*** Opening of Data block ***
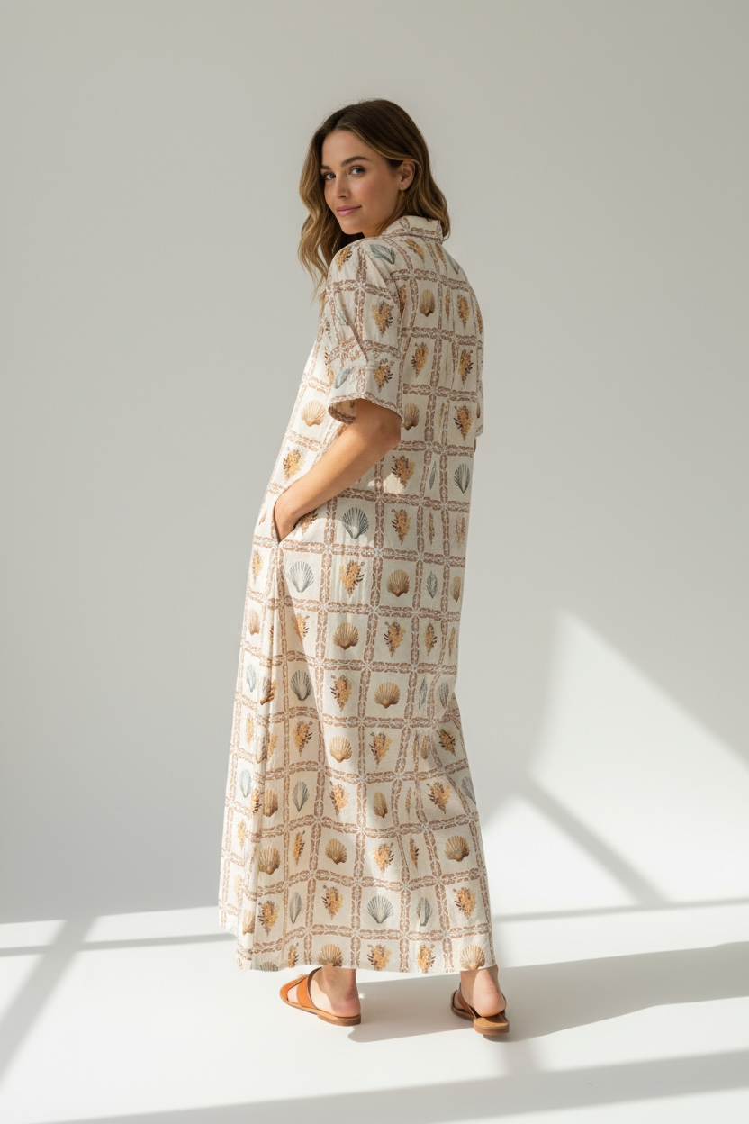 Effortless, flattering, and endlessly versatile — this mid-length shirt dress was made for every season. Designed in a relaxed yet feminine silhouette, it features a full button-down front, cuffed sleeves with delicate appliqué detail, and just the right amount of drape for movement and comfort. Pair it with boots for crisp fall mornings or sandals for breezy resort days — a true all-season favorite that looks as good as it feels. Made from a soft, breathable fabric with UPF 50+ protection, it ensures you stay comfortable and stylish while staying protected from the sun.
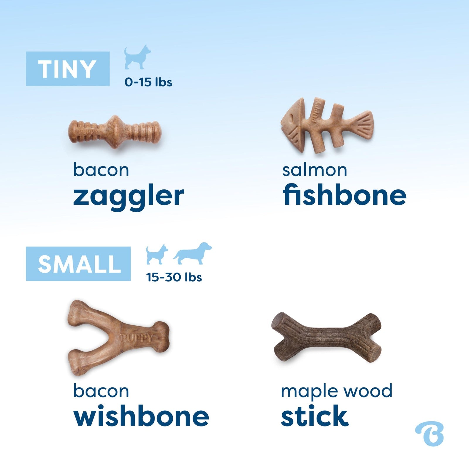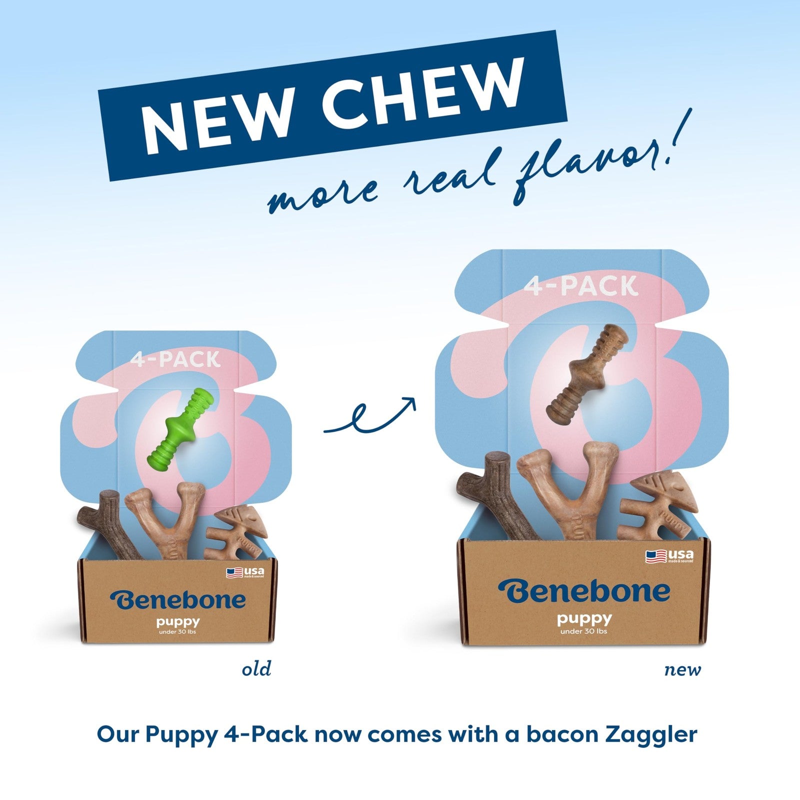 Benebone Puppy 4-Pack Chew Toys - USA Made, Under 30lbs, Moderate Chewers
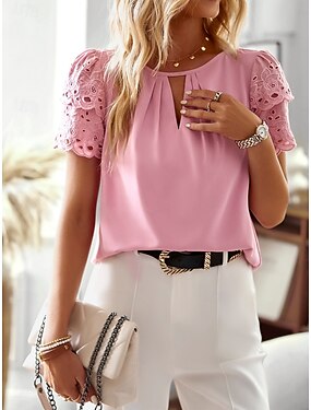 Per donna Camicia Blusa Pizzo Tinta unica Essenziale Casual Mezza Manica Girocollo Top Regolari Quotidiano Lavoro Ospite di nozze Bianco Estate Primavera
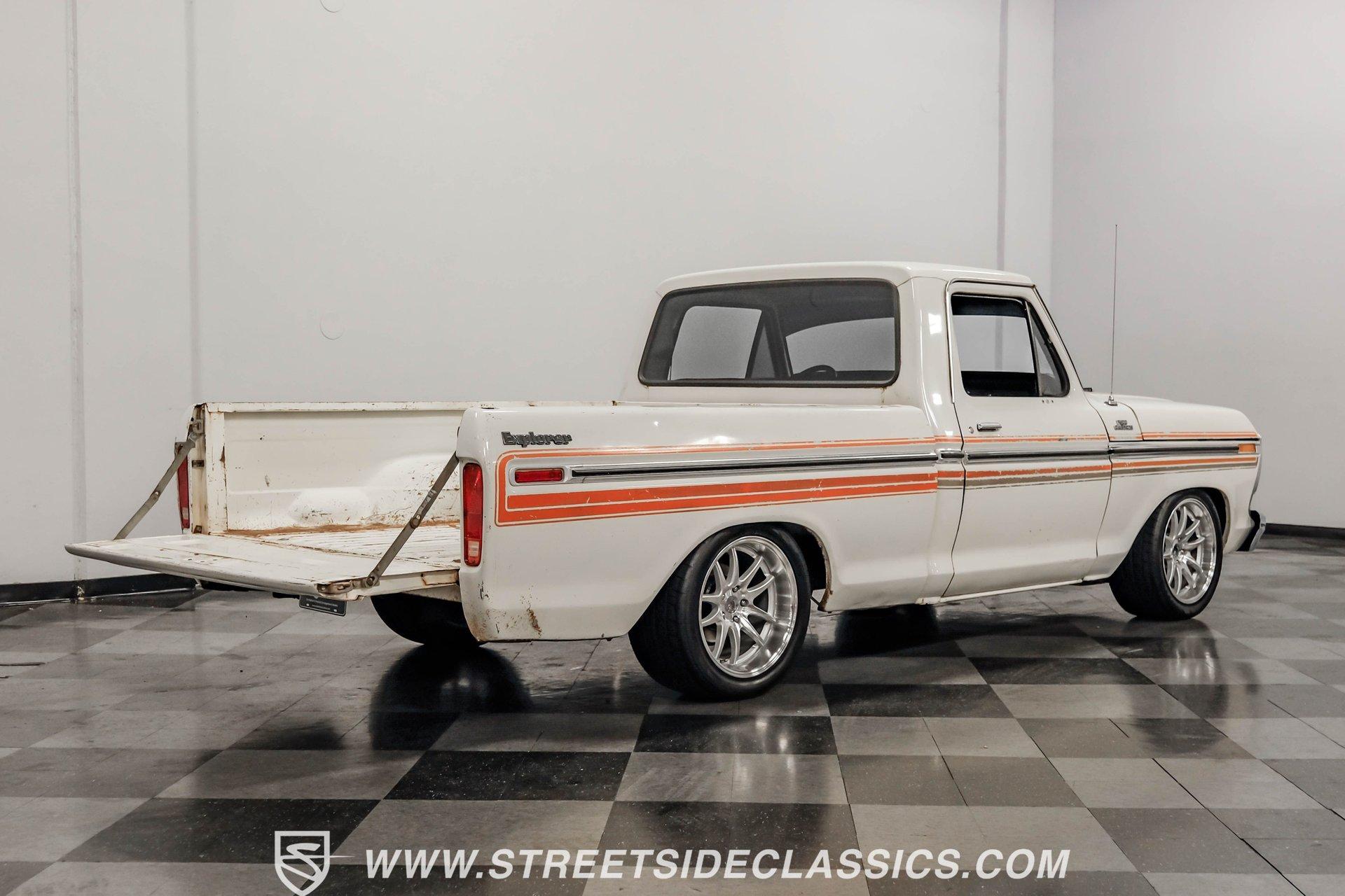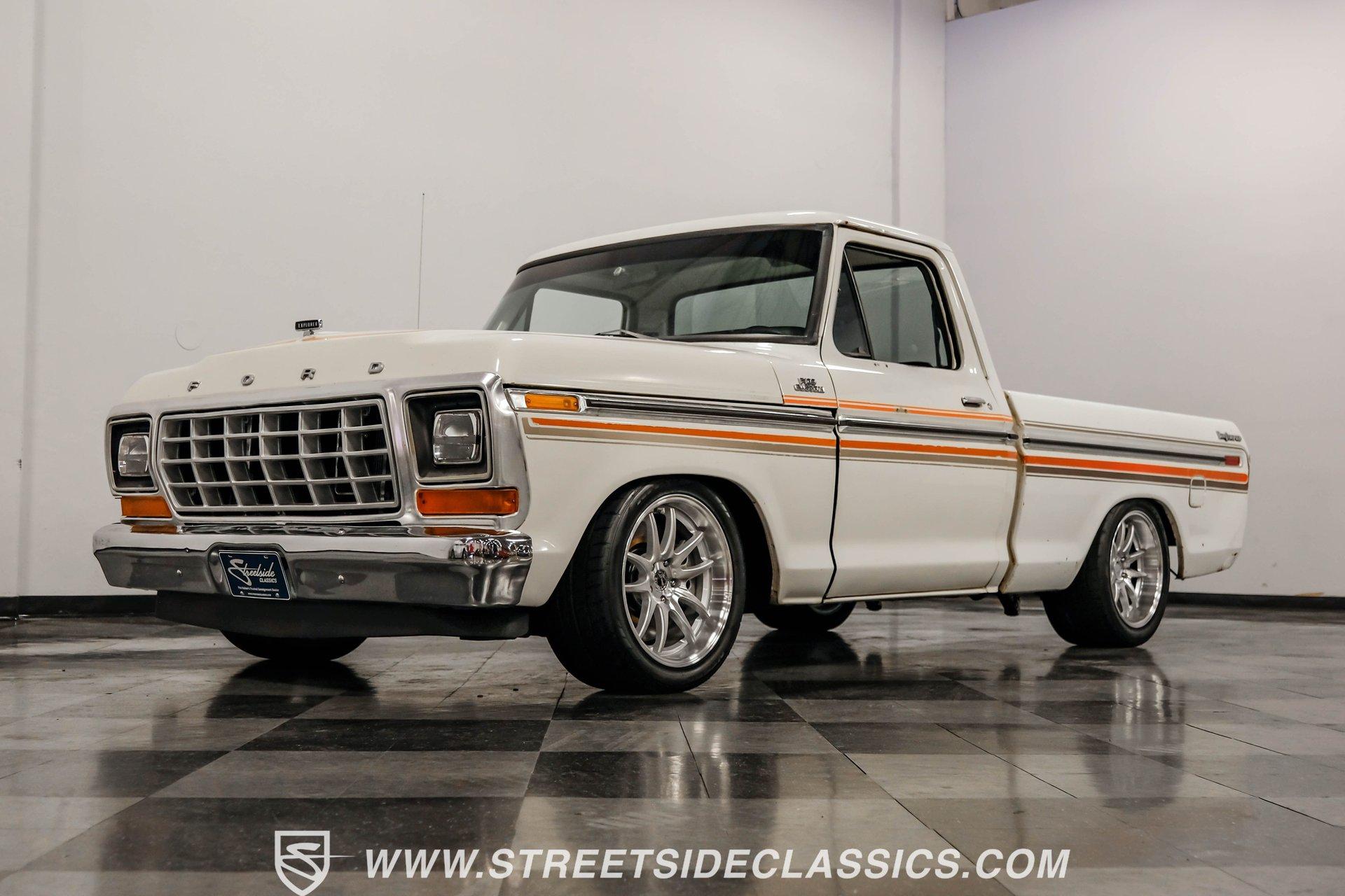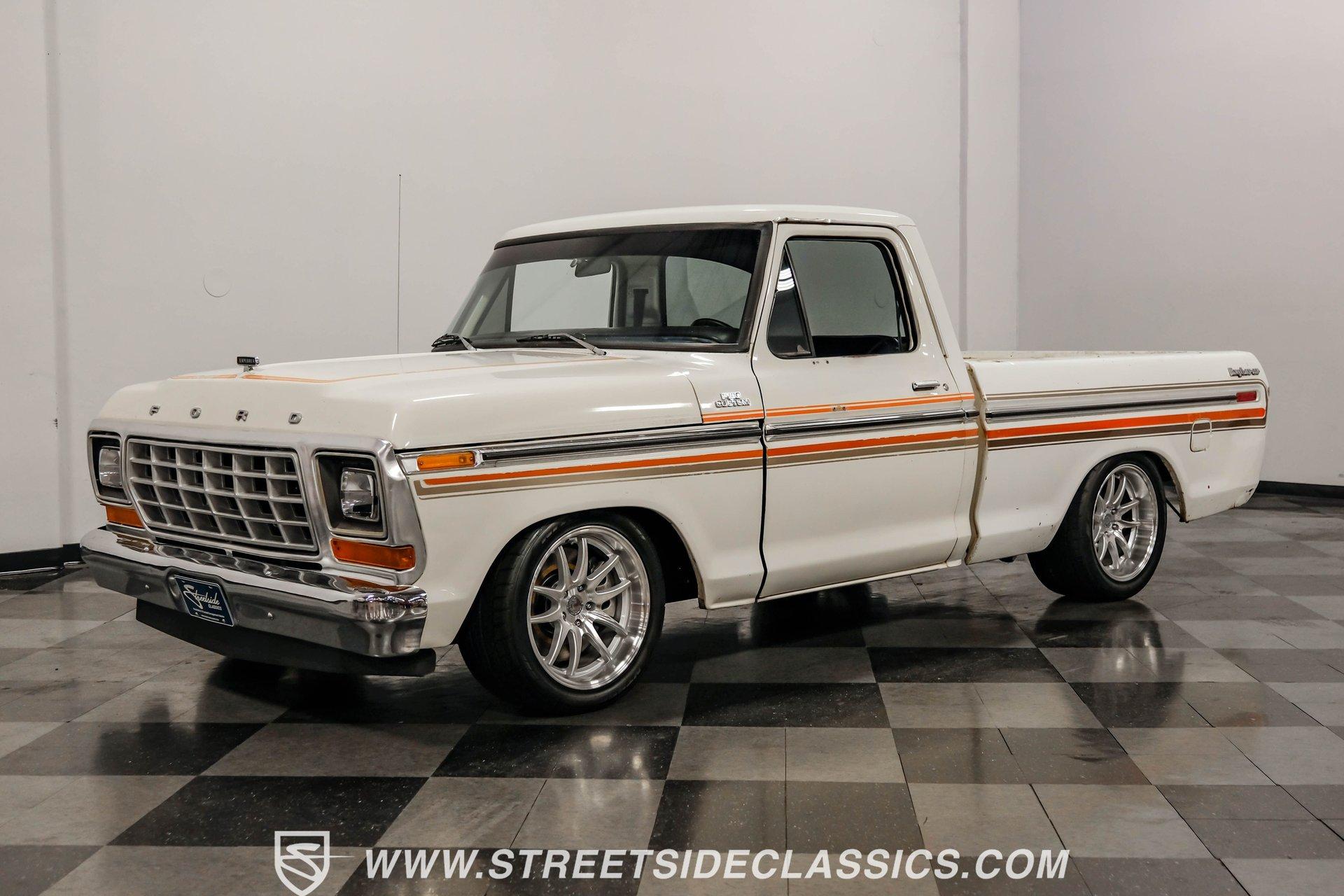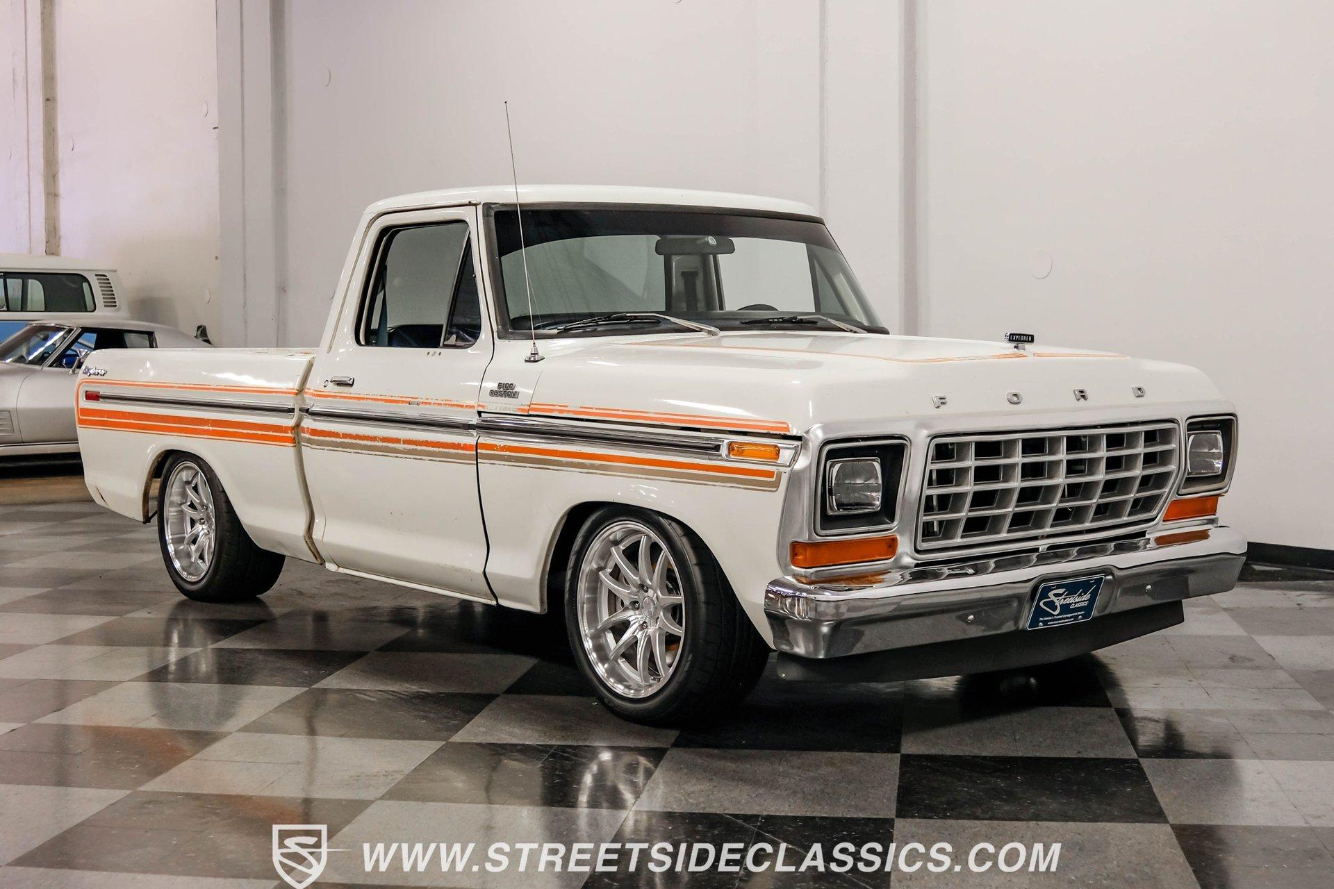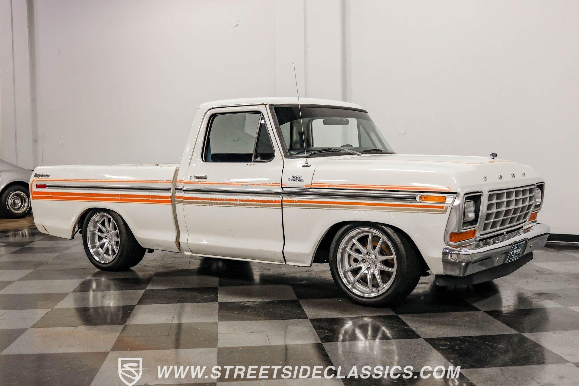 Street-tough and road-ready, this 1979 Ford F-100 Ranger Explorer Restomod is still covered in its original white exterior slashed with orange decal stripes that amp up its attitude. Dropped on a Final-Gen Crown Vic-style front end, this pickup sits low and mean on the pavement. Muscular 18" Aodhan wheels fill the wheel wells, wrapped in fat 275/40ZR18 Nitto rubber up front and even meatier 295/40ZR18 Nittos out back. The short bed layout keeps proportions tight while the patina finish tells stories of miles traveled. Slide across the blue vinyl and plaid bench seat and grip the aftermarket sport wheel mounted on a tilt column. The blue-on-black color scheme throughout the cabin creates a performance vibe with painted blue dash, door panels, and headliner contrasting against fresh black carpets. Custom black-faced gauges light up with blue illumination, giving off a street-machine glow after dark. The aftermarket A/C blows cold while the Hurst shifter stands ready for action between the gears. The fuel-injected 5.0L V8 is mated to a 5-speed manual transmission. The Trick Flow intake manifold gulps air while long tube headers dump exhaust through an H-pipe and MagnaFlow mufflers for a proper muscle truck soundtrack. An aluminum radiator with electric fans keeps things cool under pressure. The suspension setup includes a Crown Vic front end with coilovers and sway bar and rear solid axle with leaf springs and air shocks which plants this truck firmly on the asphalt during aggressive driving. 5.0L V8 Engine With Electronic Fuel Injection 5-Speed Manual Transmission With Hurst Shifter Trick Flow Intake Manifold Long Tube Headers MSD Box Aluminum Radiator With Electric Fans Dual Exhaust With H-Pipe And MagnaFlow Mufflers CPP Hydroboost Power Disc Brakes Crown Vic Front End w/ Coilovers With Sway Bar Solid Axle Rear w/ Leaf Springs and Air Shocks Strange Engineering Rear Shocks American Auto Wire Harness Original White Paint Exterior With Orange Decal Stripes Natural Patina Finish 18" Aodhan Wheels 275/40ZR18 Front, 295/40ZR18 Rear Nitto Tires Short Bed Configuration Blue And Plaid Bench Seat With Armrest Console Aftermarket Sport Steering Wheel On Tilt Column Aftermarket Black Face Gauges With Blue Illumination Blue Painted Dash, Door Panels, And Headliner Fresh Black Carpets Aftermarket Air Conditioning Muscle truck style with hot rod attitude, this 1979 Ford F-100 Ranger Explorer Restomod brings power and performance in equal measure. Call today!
*** Close of Data block ***
Output the listing word for word. Drop the pictures.

 Effortless, flattering, and endlessly versatile — this mid-length shirt dress was made for every season. Designed in a relaxed yet feminine silhouette, it features a full button-down front, cuffed sleeves with delicate appliqué detail, and just the right amount of drape for movement and comfort. Pair it with boots for crisp fall mornings or sandals for breezy resort days — a true all-season favorite that looks as good as it feels. Made from a soft, breathable fabric with UPF 50+ protection, it ensures you stay comfortable and stylish while staying protected from the sun.
 Benebone Puppy 4-Pack Chew Toys - USA Made, Under 30lbs, Moderate Chewers
 Per donna Camicia Blusa Pizzo Tinta unica Essenziale Casual Mezza Manica Girocollo Top Regolari Quotidiano Lavoro Ospite di nozze Bianco Estate Primavera
 Street-tough and road-ready, this 1979 Ford F-100 Ranger Explorer Restomod is still covered in its original white exterior slashed with orange decal stripes that amp up its attitude. Dropped on a Final-Gen Crown Vic-style front end, this pickup sits low and mean on the pavement. Muscular 18" Aodhan wheels fill the wheel wells, wrapped in fat 275/40ZR18 Nitto rubber up front and even meatier 295/40ZR18 Nittos out back. The short bed layout keeps proportions tight while the patina finish tells stories of miles traveled. Slide across the blue vinyl and plaid bench seat and grip the aftermarket sport wheel mounted on a tilt column. The blue-on-black color scheme throughout the cabin creates a performance vibe with painted blue dash, door panels, and headliner contrasting against fresh black carpets. Custom black-faced gauges light up with blue illumination, giving off a street-machine glow after dark. The aftermarket A/C blows cold while the Hurst shifter stands ready for action between the gears. The fuel-injected 5.0L V8 is mated to a 5-speed manual transmission. The Trick Flow intake manifold gulps air while long tube headers dump exhaust through an H-pipe and MagnaFlow mufflers for a proper muscle truck soundtrack. An aluminum radiator with electric fans keeps things cool under pressure. The suspension setup includes a Crown Vic front end with coilovers and sway bar and rear solid axle with leaf springs and air shocks which plants this truck firmly on the asphalt during aggressive driving. 5.0L V8 Engine With Electronic Fuel Injection 5-Speed Manual Transmission With Hurst Shifter Trick Flow Intake Manifold Long Tube Headers MSD Box Aluminum Radiator With Electric Fans Dual Exhaust With H-Pipe And MagnaFlow Mufflers CPP Hydroboost Power Disc Brakes Crown Vic Front End w/ Coilovers With Sway Bar Solid Axle Rear w/ Leaf Springs and Air Shocks Strange Engineering Rear Shocks American Auto Wire Harness Original White Paint Exterior With Orange Decal Stripes Natural Patina Finish 18" Aodhan Wheels 275/40ZR18 Front, 295/40ZR18 Rear Nitto Tires Short Bed Configuration Blue And Plaid Bench Seat With Armrest Console Aftermarket Sport Steering Wheel On Tilt Column Aftermarket Black Face Gauges With Blue Illumination Blue Painted Dash, Door Panels, And Headliner Fresh Black Carpets Aftermarket Air Conditioning Muscle truck style with hot rod attitude, this 1979 Ford F-100 Ranger Explorer Restomod brings power and performance in equal measure. Call today!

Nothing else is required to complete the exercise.